To do that, the concept of productivity is first defined. On that basis, a strategy to optimize it is determined. It consists of finding adequate exposure parameters (power, scanning speed, hatch spacing, contour powers and contour scanning speeds) leading to a high relative density and low surface roughness, when the layer thickness is set to 0.1 mm (AlSi10Mg) and 0.08 mm (SS316L).
Experiments consisting of printing small cubes with different sets of parameters are conducted. Selecting test series parameters is reasoned using an index, which provides an estimation of the lack of fusion porosity that should be expected given a combination of power, scanning speed, hatch spacing and layer thickness.
Relative density is measured through Archimede’s method and micrography. AlSi10Mg and SS316L samples associated to a high index show lack-of-fusion pores. Besides, AlSi10Mg samples manufactured with low scanning speeds are subjected to spherical porosity, due to hydrogen bubbles that had time to grow in the melt pool before being trapped by solidification, most likely. SS316L samples present keyhole pores at high-energy-density regimes and porosity due to Plateau-Rayleigh instability at high-power-and-scanning-speed regimes.

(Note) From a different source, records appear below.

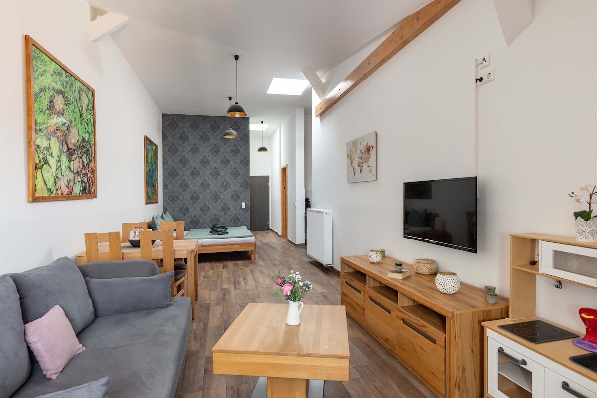この新築のホリデーフラットには2部屋あります(キングサイズベッド1台付きの寝室1部屋と、スタジオソファー(2名以上で寝られる)付きのリビングルーム)。パティオと暖房付きの床があり、家具が完備されています。専用サウナもあります。 徒歩数分以内にショッピングや公共交通機関が利用できます。アパートの正面に無料駐車場があります。市内中心部まで車で約15分です。ライプツィヒでの滞在をお楽しみください。 それでは、お早めのお越しをお待ちしております。
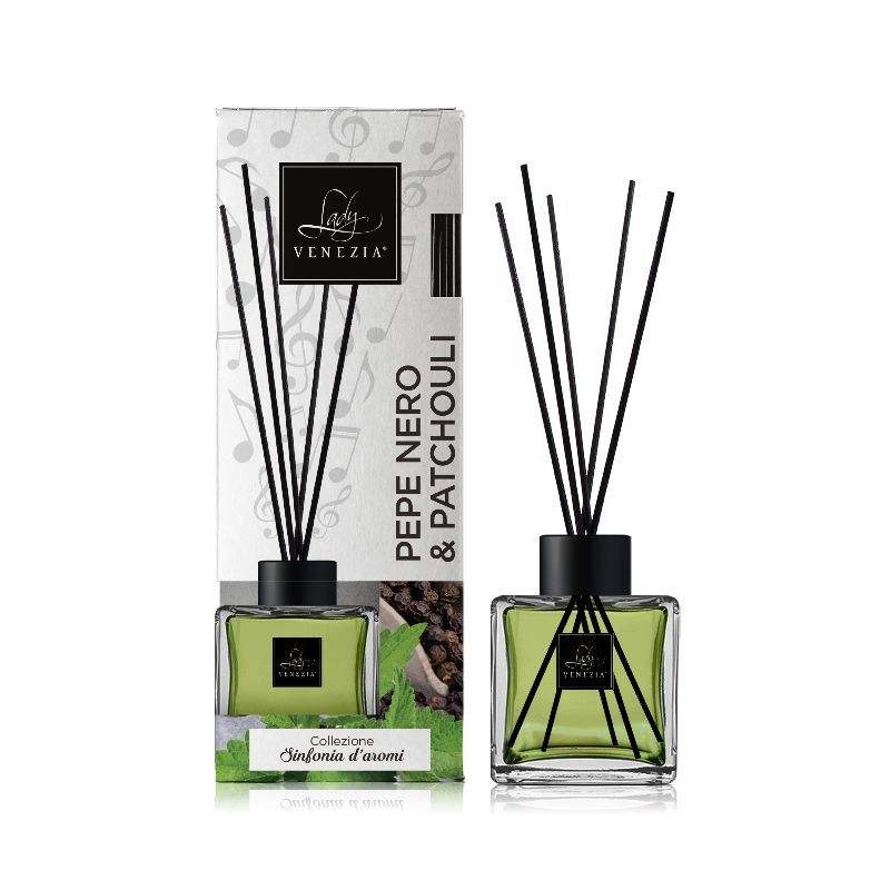 Diffusore per Ambienti con Bastoncini al Profumo di Pepe Nero e Patchouli, 100ml
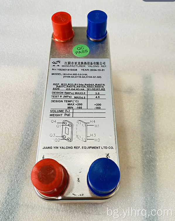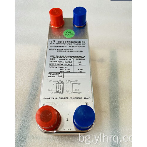 Основните параметри на топлообменника на B3-14-20-1.0, произведен от нашата компания, са височина 206 мм, ширина 76 мм, височината между блендата е 172 мм, ширината между блендата е 42 мм, а дебелината е 9 мм+2,3 мм*(n) n е броят на плочите. Максималният размер на връзката е 3/4 инча! Този продукт се използва главно в серия от малка термопомпа, глави за стена, котли, климатици и друго оборудване, което изисква само сравнително малка обща ефективност на топлообмента!
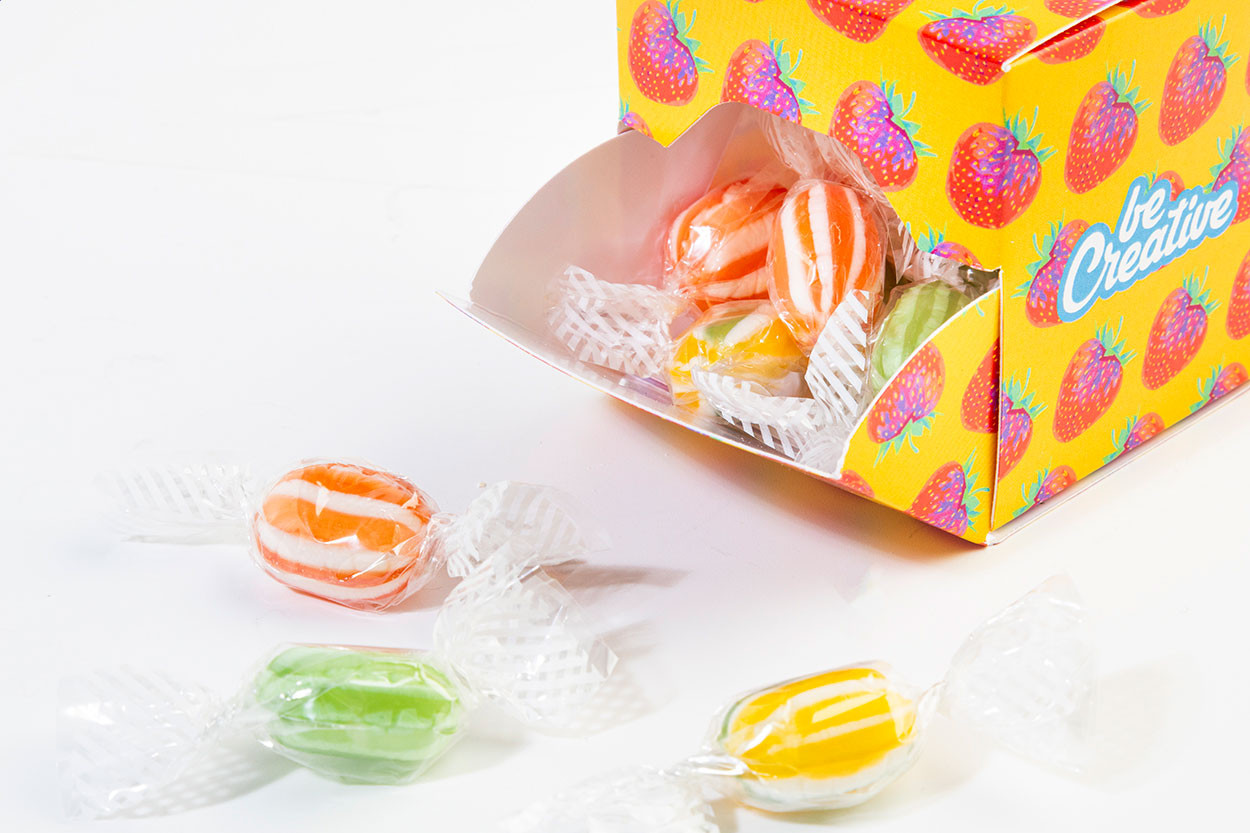 Egyedi gyártású, kocka alakú cukorkaadagoló doboz, teljes felületén full-colour nyomtatással. 40 gramm egyenként csomagolt vegyes gyümölcscukorral töltve. Minimális rendelési mennyiség: 100 db. |

Regarding surface quality, AlSi10Mg samples show a lower roughness when linear energy density is increased using two pre-contours, whereas SS316L samples present a better surface quality with one post-contour. Best surface roughness obtained after sandblasting is 6 μm for AlSi10Mg and 7 μm for SS316L.
Based on the conclusions of the experiments, a model is built to delimit windows of parameters leading to a sufficiently high density. Optimal sets regarding productivity are selected inside the windows. Predicted build rates are 16.5 mm3/s and 9.6 mm3/s for AlSi10Mg and SS316L, respectively. They increase current volume build rates by 58% and 159%, respectively.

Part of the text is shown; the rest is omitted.